>Forget about the deck crew and the pilot being blind morons.
I thought aviation is THE industry that runs on procedures and checklists you need to tick before and after each flight to make sure the even if you're a complete klutz, nothing like this can ever happen. Did that go out the window?
>It means the flight computer for a plane that took twenty years and a trillion dollars to develop can't detect that there's a fucking cover blocking the engine.
This is pure gold. Even my robovac can detect when something is chocking the suction intake and shut down and send me a notification on my phone. The fact that a trillion dollar weapon missed this feature is hilarious.
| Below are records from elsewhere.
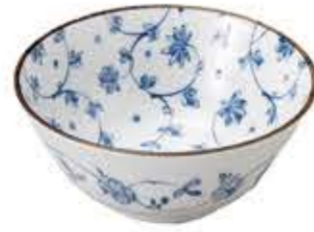
004018 4.8寸多用井 Φ15.2XH6.7cm 290g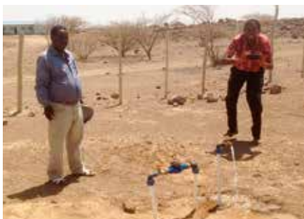
På denne tomta i Semera skal det bygges et administrasjonssenter/gjestehus/forsamlingslokale. Herfra planlegges målrettede evangeliske og diakonale tiltak blant Afar-befolkningen.

Hjelp oss å komme i gang med dette flotte prosjektet – din gave er viktig! Bruk vedlagte giro eller kontr. 3000 14 57922. Merk gaven «Nord-Etiopia».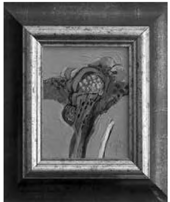
Vladimir Ene acril, pastel de ulei pe pânză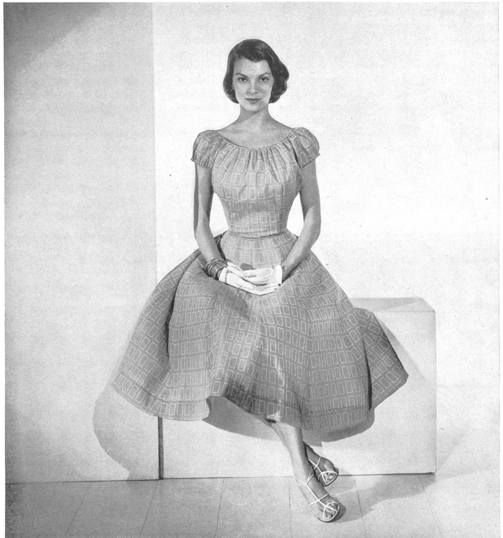
Little-girl dress in anti-creased and sanforized cotton voile, Pat Premo's exclusive fabric by Stoffel & Co., St-Gall.

« Ningún otro vestido podría convenir mejor a una señora. » En estos términos calificó una de las compradoras de uno de los almacenes especiales del ramo al vestido de verano, de algodón, que le acababan de presentar y que era uno de los últimos modelos de Pat Premo. Y esa frase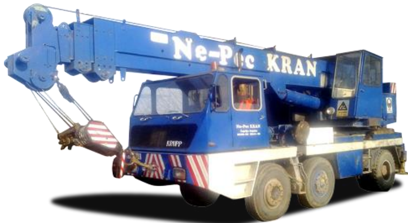
Slika 4.12: Autodizalica Krupp 25 GMT-AT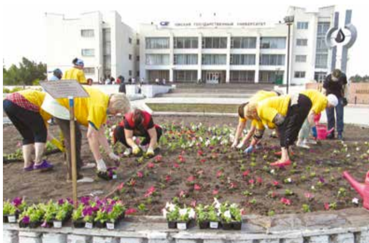
Второй год общественники КТОСа «Ермак» высаживают цветочные клумбы на площади им. И. Лицкевича (разбивка яблоневого аллеи в микрорайоне) и «Мирный» (обустройство березовой рощи).

В их числе КТОСы «Энтузиастов» (обустройство нового сквера), «Заозерный-3» (создание экопарка), «Ермак» (санитарная площадка для сбора мусора, озеленение площади имени Ивана Лицкевича), «Заозерный-4»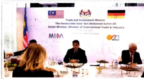
Menteri MITI, Datuk Seri Mohamed Azmin Ali ketika menyertai mesyuarat berkaitan misi perdagangan dan pelaburan di Frankfurt, Jerman.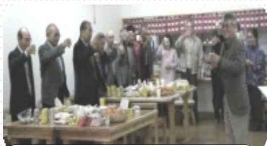
センターの益々の発展に“乾杯！”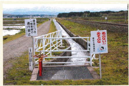
沼田水路(下西山踏切付近)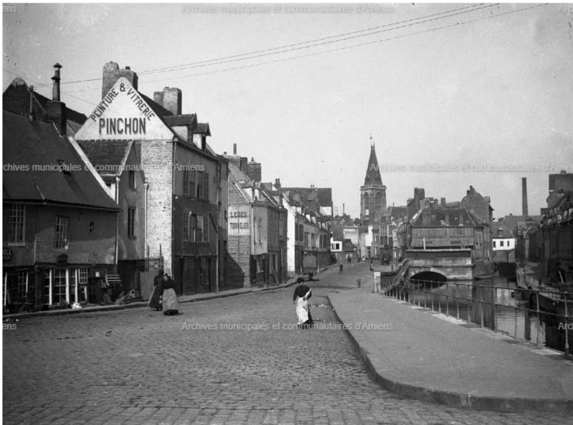
1023667, Archives municipales et communautaires d'Amiens. Rue des Majots, quartier St-Leu, 2009 (Don Maurice Duvanel)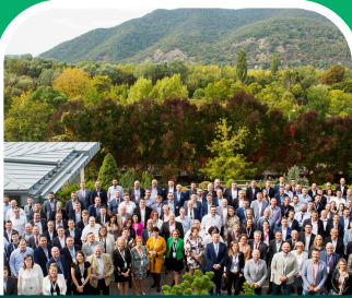
Nagyvállalatok Logisztikai Vezetőinek Klubja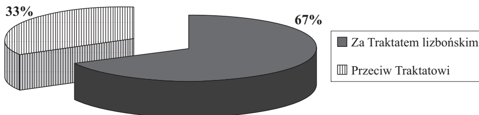
Wykres 2. Wyniki głosowania w sprawie Traktatu lizbońskiego w Irlandii w dniu 2 października 2009 roku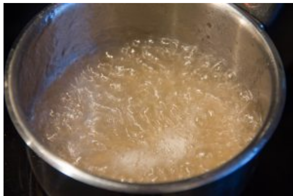
Préparez un sirop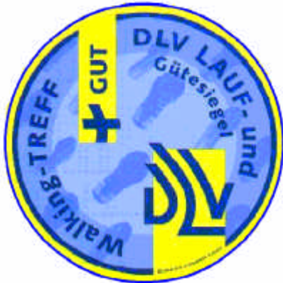
Altes Gütesiegel – GUT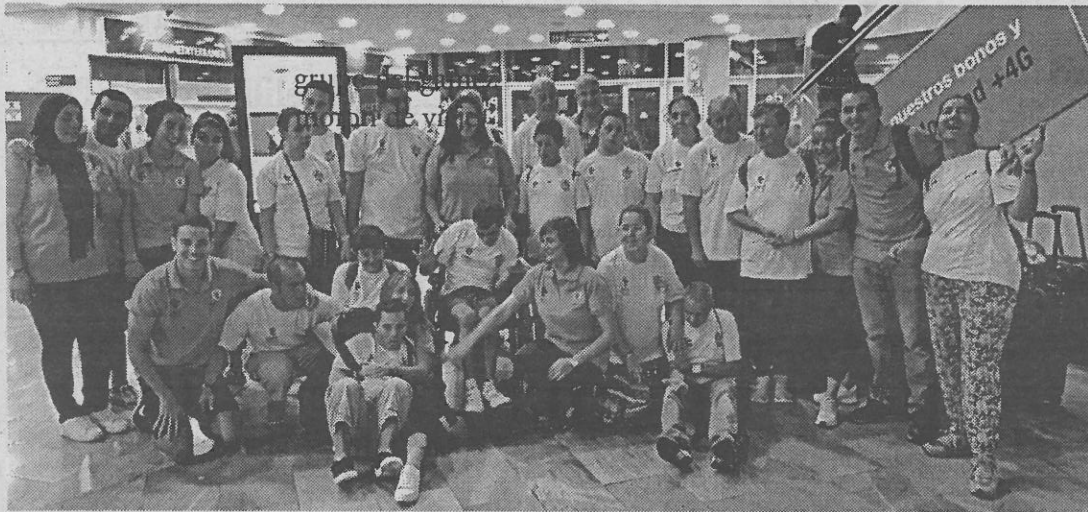
El grupo de excursionistas antes de iniciar el viaje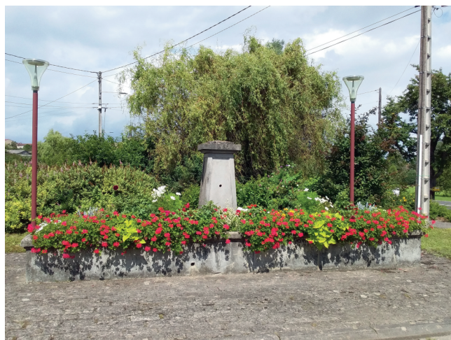
Fleurissement et valorisation des fontaines.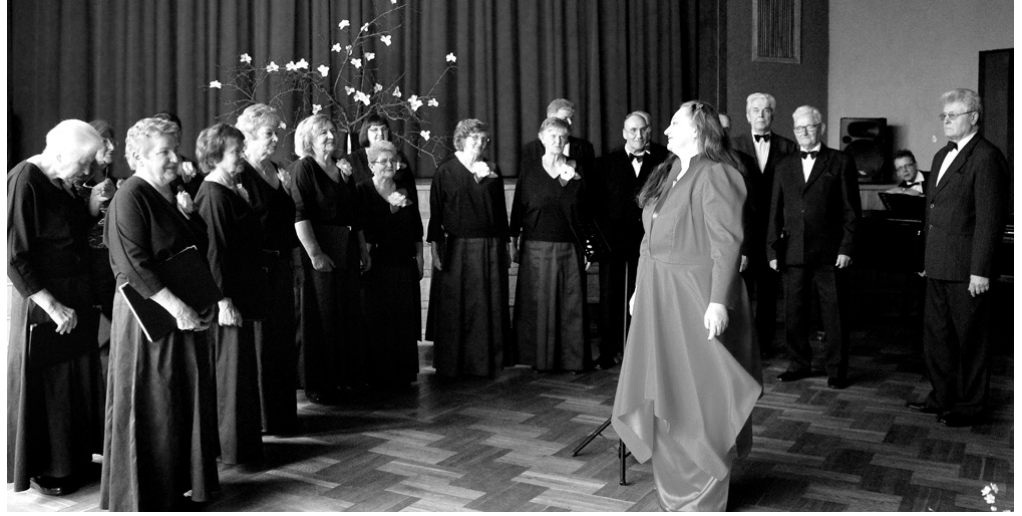
I pakāpi ansambļu skatē ieguva arī Vecumnieku tautas nama senioru jauktais koris «Atbalss».

Dodoties uz Misas tautas namu 9. martā, bija dzirdama putnu čivināšana. IZRĀDĀS, ka pēdējās dienās pār Misu ir lidojušas dzērves, zosis un gulbji. Tas nozīmē, ka pavasaris ir klāt!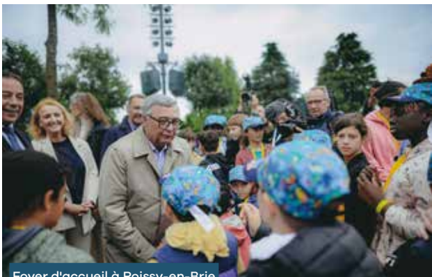
Foyer d'accueil à Roissy-en-Brie

Le Département de Seine-et-Marne a entrepris la rédaction d'un nouveau Schéma de protection des enfants et des familles qui permettra, en lien avec ses différents partenaires, de définir sa politique en matière de protection de l'enfance pour les 5 prochaines années, que ce soit sur le volet de la qualité de la prise en charge, de l'adaptation de son dispositif d'accueil et d'accompagnement, de la valorisation des compétences familiales ou, encore, de la sécurisation de la sortie de l'ASE.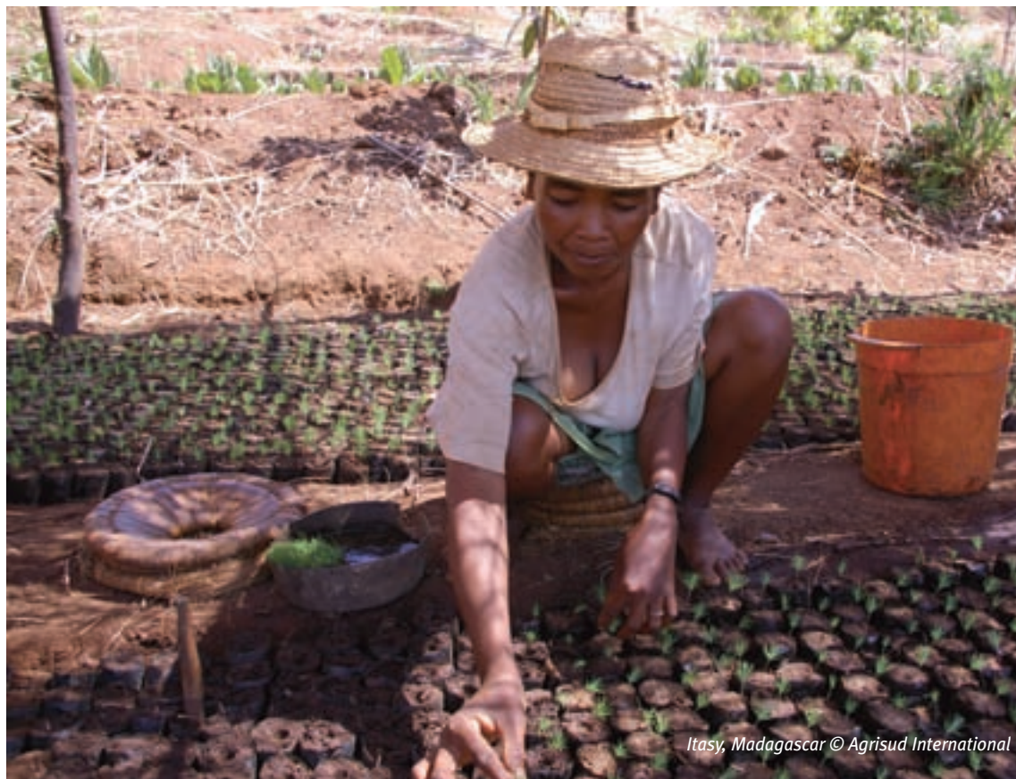
Itasy, Madagascar

En définitif, on peut retenir que dans le Nordeste brésilien, la volonté de réduire l'utilisation des intrants chimiques est une composante forte du développement des pratiques agroécologiques. Cependant, si peu de projets mettent en avant des impacts sanitaires bénéfiques de l'agroécologie, c'est (probablement) par méconnaissance des risques liés à l'usage de pesticides pour plusieurs cultures, dont les cultures maraîchères.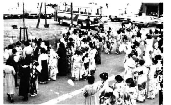
機械設備の投資を 計画されている企業者へ

めた祝賀パーティーがさわやかな雰囲気の中で繰りひろげられ、それぞれに旧交を温め、楽しい語り合いに終わりを告げるのがはばかれるようでした。午後からは、九十三名が十四回目を迎えた弥彦神社参拝に出かけ厳肅に参拝を済ませた新成人者の顔は、新たな人生に向って輝いているようでした。成人になられたみなさんのご活躍をお祈りいたします。

The article says that this was a checklist item for both the ground crew and the pilot, and yet it wasn't spotted/fixed (did they even conduct the checks?). Multiple heads are definitely going to roll on this one.
But two things can be true:
- Procedures/checklists should have stopped this (and should be the primary way).
- The flight computer should know that air flowing into the engine is unusual when a cover is blocking it.
Also keep in mind that if both are fixed, this would be fixes from two different organizations (the British Navy and Lockheed Martin/F-35B's manufacturing chain).
This happened at peace time. I can imagine during a stressful wartime situation human error is more likely to occur, which is even more reason why computer sanity checks can be advantageous.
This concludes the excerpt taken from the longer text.